= Extraordinary Lutheran Ministries =

American Lutheran organization founded 2007

Extraordinary Lutheran Ministries (ELM), founded on October 31, 2007, is an organization committed to the full participation of persons of all sexual orientations and gender identities in the life and ministry of the Lutheran church.

==History and background==
Lutheran Lesbian and Gay Ministries was founded in 1990.

The Extraordinary Candidacy Project was founded in 1993. ECP credentialed openly LGBT seminarians, candidates, ordained and commissioned ministers that were preparing for professional vocations in independent Lutheran parishes and congregations of the Evangelical Lutheran Church in America (ELCA).

The ELM roster currently has 34 ministers, 2 individuals approved for call and 3 seminarians. Discipline for congregations that call pastors from the ELM roster has varied throughout the ELCA. Members of the ELM Roster are/were members of the ELCA and Evangelical Lutheran Church in Canada.

On January 1, 2009, ELM opened the official international office in Chicago, Illinois.

==Extraordinary Ordinations==
Rooted in the extraordinary ordinations that were performed by Martin Luther and the reformers as recorded in the Lutheran Confessions, 18 Extraordinary Ordinations have taken place to date.
- 1 - 3 Extraordinary Ordination of Jeff Johnson, Ruth Frost and Phyllis Zillhart- January 22, 1990: Pastor Jeff Johnson is called by First United Lutheran Church. Pastors Frost and Zillhart are called by St. Francis Lutheran. This first extraordinary Ordination resulted in a trial and the ultimate expulsion of First United and St. Francis from the Evangelical Lutheran Church in America.
- 4. Extraordinary Ordination of Donna Simon - October 28, 2000, in Kansas City: Pastor Simon was called by Abiding Peace Lutheran.
- 5. Extraordinary Ordination of Craig Minich - February 18, 2001, in Berkeley: Pastor Minich is called by two Oakland churches and University Lutheran in Berkeley
- 6. Extraordinary Ordination of Anita C. Hill - April 28, 2001, in St.
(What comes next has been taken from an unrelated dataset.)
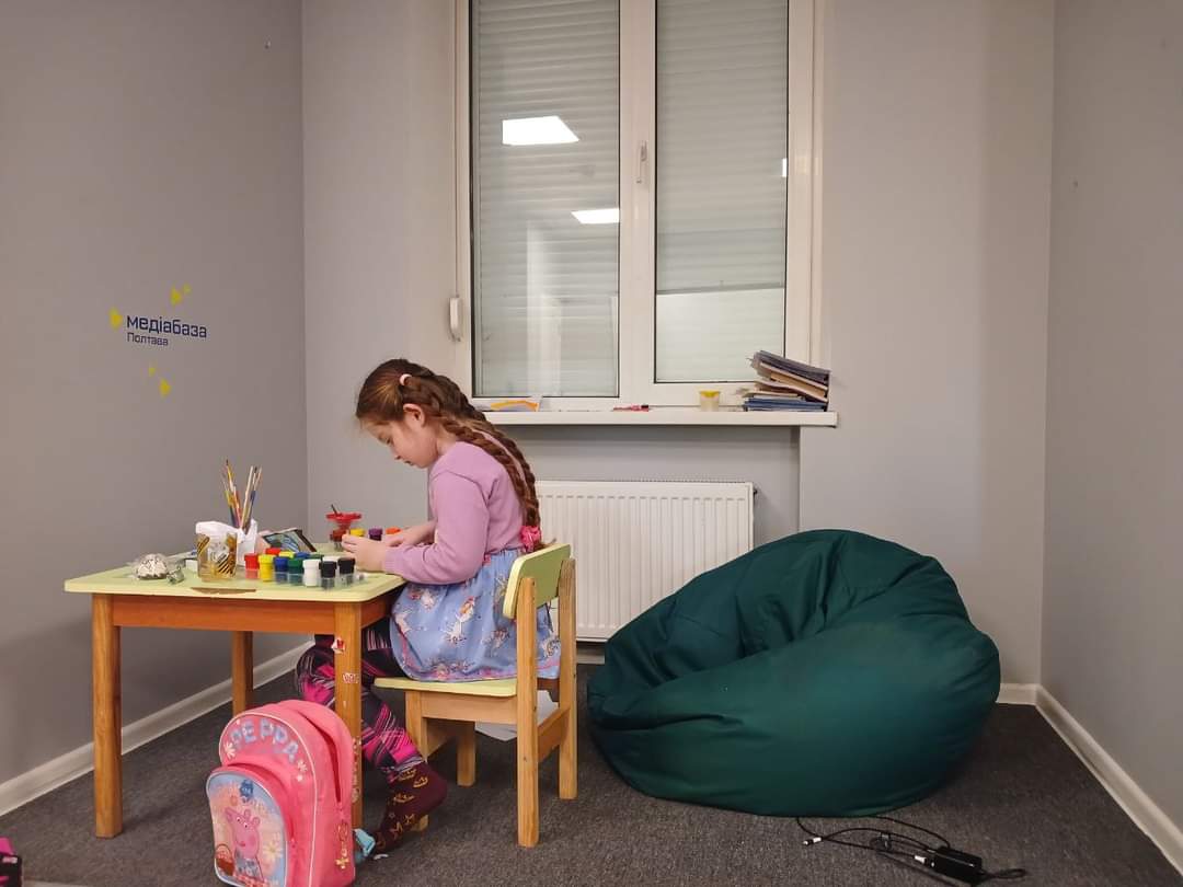 - Облаштували простір для дітей. Щоб журналісти, які мають діток, могли спокійно працювати й перебувати в медіабазі разом з ними. Діти можуть помалювати, поліпити з пластиліну, поскладати пазли, пограти в ігри.

Paul, Minnesota: Pastor Hill was called to St. Paul-Reformation Lutheran Church in St. Paul, Minnesota to serve with Pastor Paul Tidemann, a straight pastor in the congregation. The congregation was censured, but the censure is later repealed.
- 7. Extraordinary Ordination of Sharon Stalkfleet - May 12, 2002, in the Bay Area: Pastor Stalkfleet is called to the East Bay Nursing Home
- 8. Extraordinary Ordination of Jay Wiesner - July 25, 2004, in Minneapolis: Pastor Wiesner was originally called by Bethany Lutheran Church in Minneapolis; he is now serving University Lutheran Church of the Incarnation in Philadelphia
- 9. Extraordinary Ordination of Erik Christensen - October 21, 2006, in Chicago: Pastor Christensen was called to St. Luke's of Logan Square.
- 10. Extraordinary Ordination of Megan Rohrer - November 18, 2006, in San Francisco: Pastor Rohrer was called to be the director of the Welcome Ministry with a call from HerChurch; Christ Church; St. Francis and Sts. Mary and Martha in San Francisco. Rohrer became the first openly transgender person to be ordained in the Lutheran church.
- 11. Extraordinary Ordination of Dawn Roginski - June 16, 2007, in San Francisco: Pastor Roginski was called on March 25, 2007, by St Francis Lutheran Church of San Francisco to serve as its Pastor of Parish Programs.
- 12. Extraordinary Ordination of Jen Rude - November 17, 2007, in Chicago: Pastor Rude was called to Resurrection Lutheran and the Night Ministry in Chicago.
- 13. Extraordinary Ordination of Jen Nagel - January 19, 2008, in Minneapolis: Pastor Nagel was called to Salem Lutheran where she had been serving for four and a half years as a pastoral minister.
- 14. Extraordinary Ordination of Lionel Ketola - May 16, 2008, in Newmarket, Ontario: Pastor Ketola was called to Holy Cross where he will serve as associate pastor and Ambassador of Reconciliation. Ketola became the first legally married gay man to be ordained in the Lutheran church. Later, the congregation and the pastors who participated in the ordination were censured by the local bishop.
- 15. Extraordinary Ordination of Lura Groen - July 26, 2008, in Houston: Pastor Groen was called to Grace Evangelical Lutheran Church.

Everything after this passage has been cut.